But shifts in industries
and the economy are not the only things auguring bankruptcy these days. Because
of changes in regulations, Mr. Ridings said, almost every major nursing-home
company in the country is bankrupt, and the health-care industry is generally
in a shambles. His group recently helped restructure one of the largest, Sun
Healthcare Group Inc., in a $2 billion deal.
At principal investor
Joseph, Littlejohn & Levy, meanwhile, Paul Levy, a onetime co-head of
Drexel’s work-out group who appears in Connie Bruck’s The Predators’ Ball , has just acquired, with a partner, the
health-care company AdvancePCS, for about $1 billion. They have also acquired New
World Pasta, maker of the Ronzoni brand, for $140 million.
But of course, as long as
there is debt, there will be work-outs.
“Capital markets are
stupid,” said Mr. Ridings. “We make a living because of the herd mentality on
Wall Street. Because of the excesses of the capital markets. Because they do
things they shouldn’t do.”
Predators No More
At Drexel, the people in
the work-out group were not the ones pulling up to the Predators’ Ball at the
Beverly Hilton in white limos. They weren’t the ones drinking champagne with
Diana Ross in Don Engel’s notorious Bungalow 8. They were behind the scenes,
plugging leaks, “paying debt (by) issuing more debt,” as Mr. Nevins put it.
“We put the grease on the
wheels,” said David Ying, Mr. Levy’s partner at J.L.L. and once a co-head of
the Drexel group as well.
The most common form of
grease was the exchange offer-an out-of-court settlement that involved swapping
distressed bonds for stock. Drexel started the practice as a service to their
clients and bond-holders. It later became a profitable business unto itself,
drawing, like M.&A., large fees for advisory work and percentages. Exchange
offers were far quicker than bankruptcy proceedings (Drexel managed to snatch
business from and deeply annoy the legal community, among its many enemies) and
more lucrative. They were also ephemeral.
“We didn’t fix the
companies,” Mr. Ridings said. “We just put Band-Aids on them. All the parties,
particularly the creditors, didn’t want to deal with the problem.”
Mr. Ridings said that
Drexel often “put too much debt” on companies, particularly when it was funding
leveraged buyouts. “We didn’t have a margin of safety. So as soon as they had a
hiccup, they ran into problems.”
Richard Nevins and Joseph
Radecki agreed. Debt was often issued “knowing there would be problems,” Mr.

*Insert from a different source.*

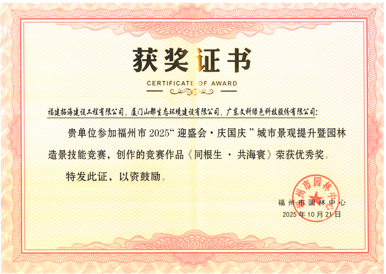 为热烈庆祝中华人民共和国成立76周年,并迎接在福州举办的2025世界航海装备大会,福州市园林中心特别组织开展了2025“迎盛会·庆国庆”城市景观提升活动及园林造景技能竞赛,吸引了众多园林设计与施工企业参与。

Radecki said. Drexel’s restructuring department was often just “kicking [the
problem] down the road,” said Mr. Nevins. Issuers were “paying debt by issuing
more debt.”
Paul Levy conceded that, by urging such solutions as
exchange offers, Drexel did not always properly mend its clients. “It is a fair
generalization that a company is more completely fixed in a bankruptcy than out
of a bankruptcy.” But he added that bankruptcies are “long, slow and tedious,”
and that Drexel’s exchange offers happened quickly enough to keep a company’s
business from languishing as it went through bankruptcy proceedings.
However myopic or
greed-driven its practices were, Drexel’s influence laid the groundwork for
today’s restructuring market, which is much larger but also more stable than
that of the 1980’s.
After Drexel and the junk-bond market collapsed in 1991, a
certain sobriety descended on the business. Mr. Milken’s absence left a vacuum
at the center of the leveraged-debt market. The sharks couldn’t hold their
highly leveraged empires together without him. And a collective realization
that leveraged debt could not be plied as flagrantly as it had been by the
Henry Kravises and Ron Perelmans seemed to affect Wall Street. Buy-outs and M.&A.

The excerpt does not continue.